EXERCISE REQUIREMENTS:
Once the line holding "Bioline Natural Feast" is written out, stop; begin at the first line of the material below and retype exactly, dropping pictures.

DATA TO PROCESS Block Start

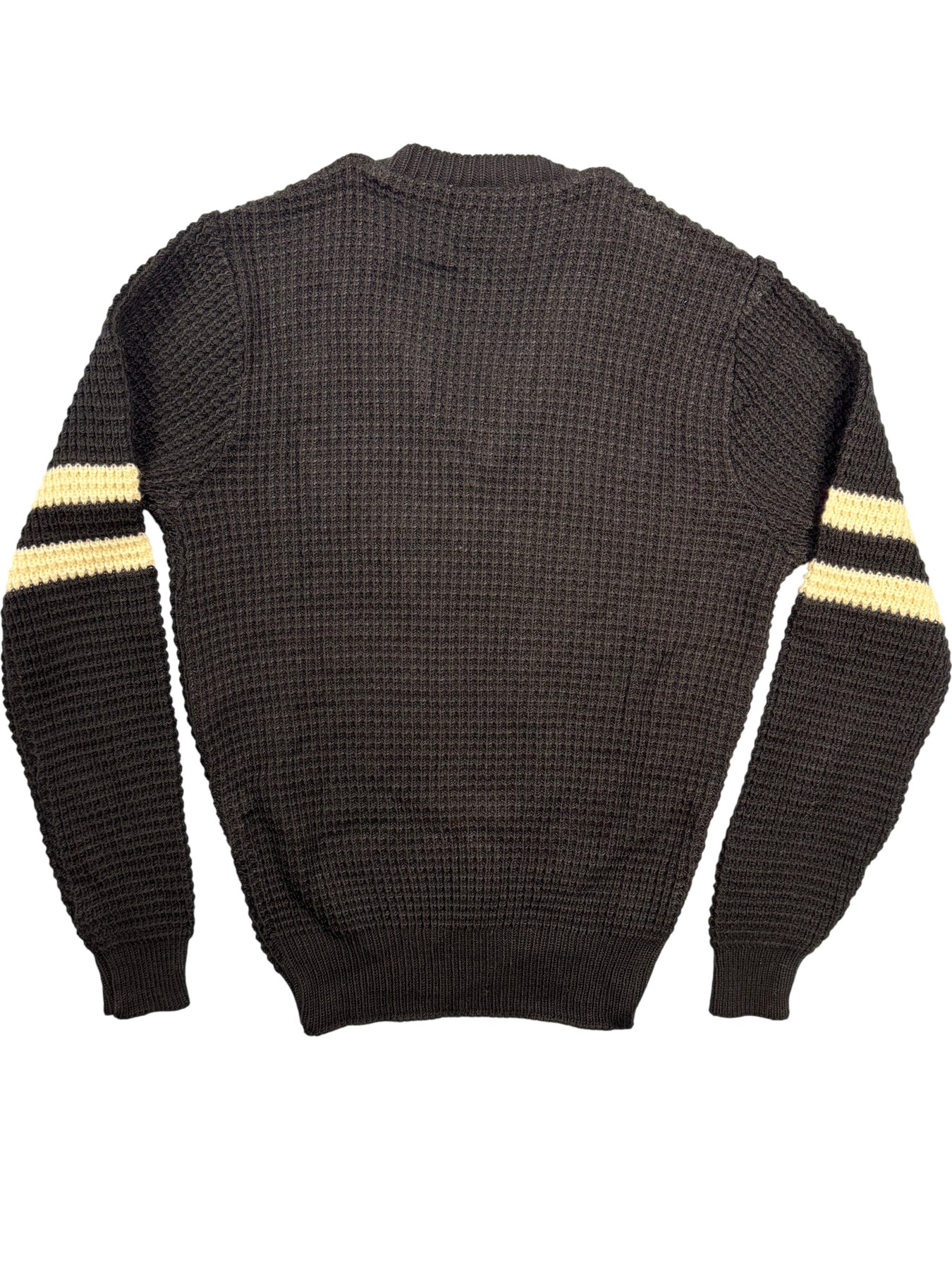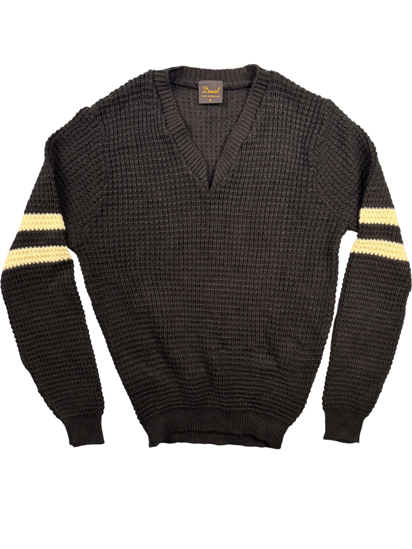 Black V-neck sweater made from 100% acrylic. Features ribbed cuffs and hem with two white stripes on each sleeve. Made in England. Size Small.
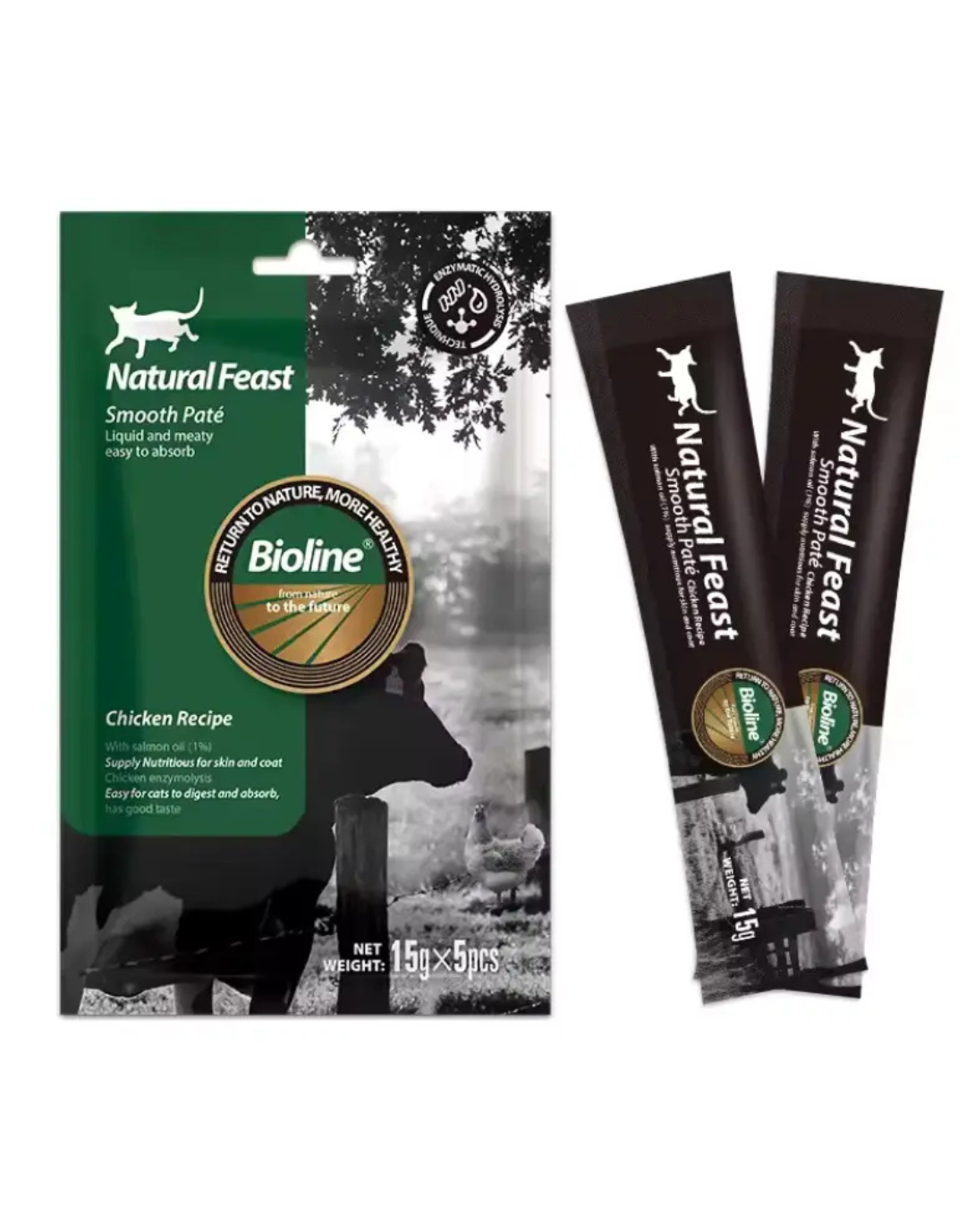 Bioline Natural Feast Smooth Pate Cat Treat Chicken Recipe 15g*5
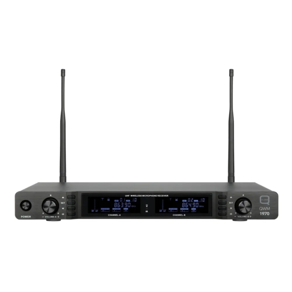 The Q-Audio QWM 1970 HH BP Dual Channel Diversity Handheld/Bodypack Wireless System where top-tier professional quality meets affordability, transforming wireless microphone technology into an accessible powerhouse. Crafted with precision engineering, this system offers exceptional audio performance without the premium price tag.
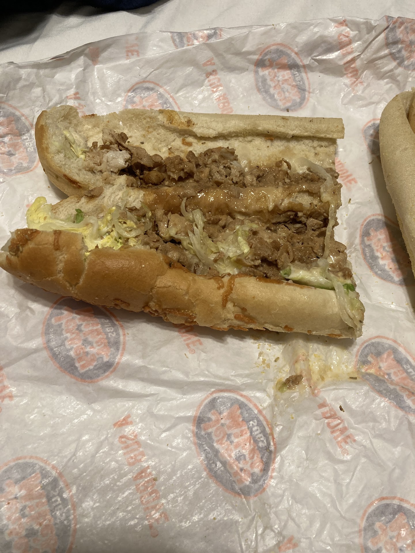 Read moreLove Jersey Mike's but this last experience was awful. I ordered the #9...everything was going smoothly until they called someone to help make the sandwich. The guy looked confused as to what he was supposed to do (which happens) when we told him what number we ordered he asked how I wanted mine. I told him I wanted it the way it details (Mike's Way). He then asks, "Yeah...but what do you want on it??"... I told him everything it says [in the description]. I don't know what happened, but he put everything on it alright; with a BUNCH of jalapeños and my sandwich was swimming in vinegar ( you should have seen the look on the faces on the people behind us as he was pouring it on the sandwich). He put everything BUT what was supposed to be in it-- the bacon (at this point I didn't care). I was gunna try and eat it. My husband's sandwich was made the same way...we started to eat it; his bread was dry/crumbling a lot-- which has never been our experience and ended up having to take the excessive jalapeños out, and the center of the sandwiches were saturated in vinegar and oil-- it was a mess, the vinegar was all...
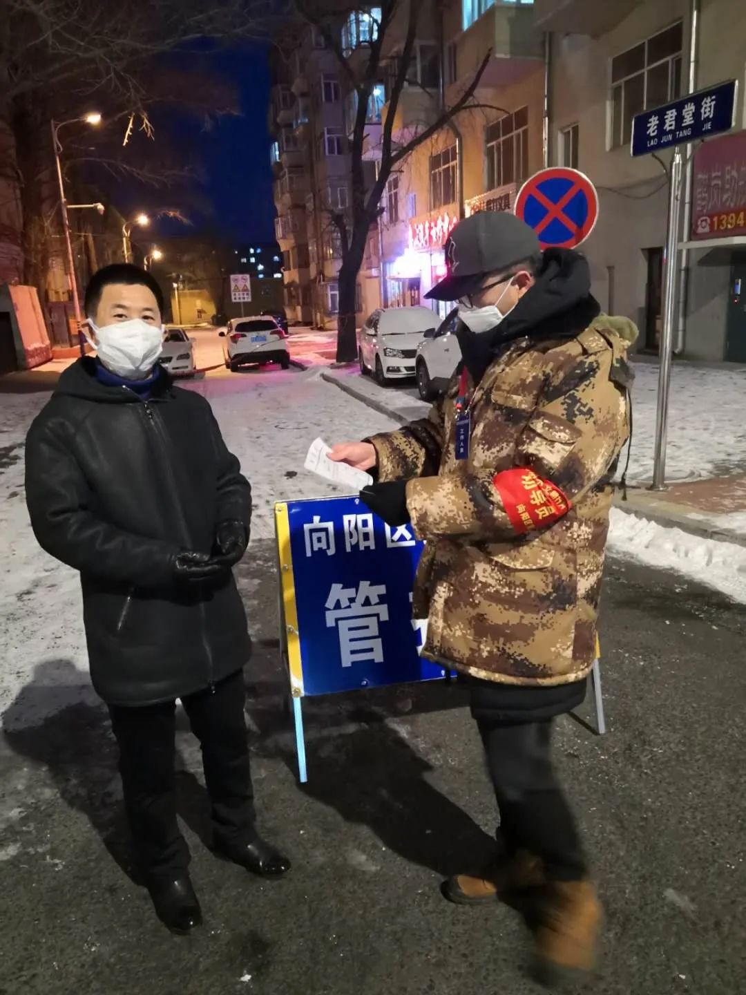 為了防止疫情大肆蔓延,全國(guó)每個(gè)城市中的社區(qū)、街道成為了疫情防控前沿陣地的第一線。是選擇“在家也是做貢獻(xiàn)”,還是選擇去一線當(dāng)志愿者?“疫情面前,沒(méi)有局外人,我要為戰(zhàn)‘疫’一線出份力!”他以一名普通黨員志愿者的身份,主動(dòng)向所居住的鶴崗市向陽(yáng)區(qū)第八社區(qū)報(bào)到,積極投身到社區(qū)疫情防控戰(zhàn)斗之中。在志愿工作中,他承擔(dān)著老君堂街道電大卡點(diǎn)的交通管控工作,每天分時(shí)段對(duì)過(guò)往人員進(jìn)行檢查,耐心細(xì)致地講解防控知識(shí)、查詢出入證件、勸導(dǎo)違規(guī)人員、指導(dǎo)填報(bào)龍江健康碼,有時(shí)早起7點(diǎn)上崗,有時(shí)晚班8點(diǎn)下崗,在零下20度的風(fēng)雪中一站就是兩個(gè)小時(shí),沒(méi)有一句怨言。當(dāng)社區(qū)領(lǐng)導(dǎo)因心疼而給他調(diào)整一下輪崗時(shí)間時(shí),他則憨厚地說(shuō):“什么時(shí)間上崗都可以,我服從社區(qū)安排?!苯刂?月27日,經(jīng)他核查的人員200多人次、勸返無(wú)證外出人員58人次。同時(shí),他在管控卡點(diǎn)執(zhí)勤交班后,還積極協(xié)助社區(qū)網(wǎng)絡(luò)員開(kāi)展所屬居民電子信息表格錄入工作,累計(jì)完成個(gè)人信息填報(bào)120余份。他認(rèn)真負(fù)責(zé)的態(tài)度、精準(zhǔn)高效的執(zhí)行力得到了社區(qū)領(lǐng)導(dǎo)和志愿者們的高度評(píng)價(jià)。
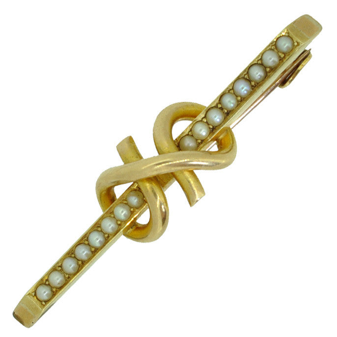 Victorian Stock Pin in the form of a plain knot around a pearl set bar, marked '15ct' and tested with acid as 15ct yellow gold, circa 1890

DATA TO PROCESS Block End

WRITTEN ANSWER:
 Black V-neck sweater made from 100% acrylic. Features ribbed cuffs and hem with two white stripes on each sleeve. Made in England. Size Small.
 Bioline Natural Feast Smooth Pate Cat Treat Chicken Recipe 15g*5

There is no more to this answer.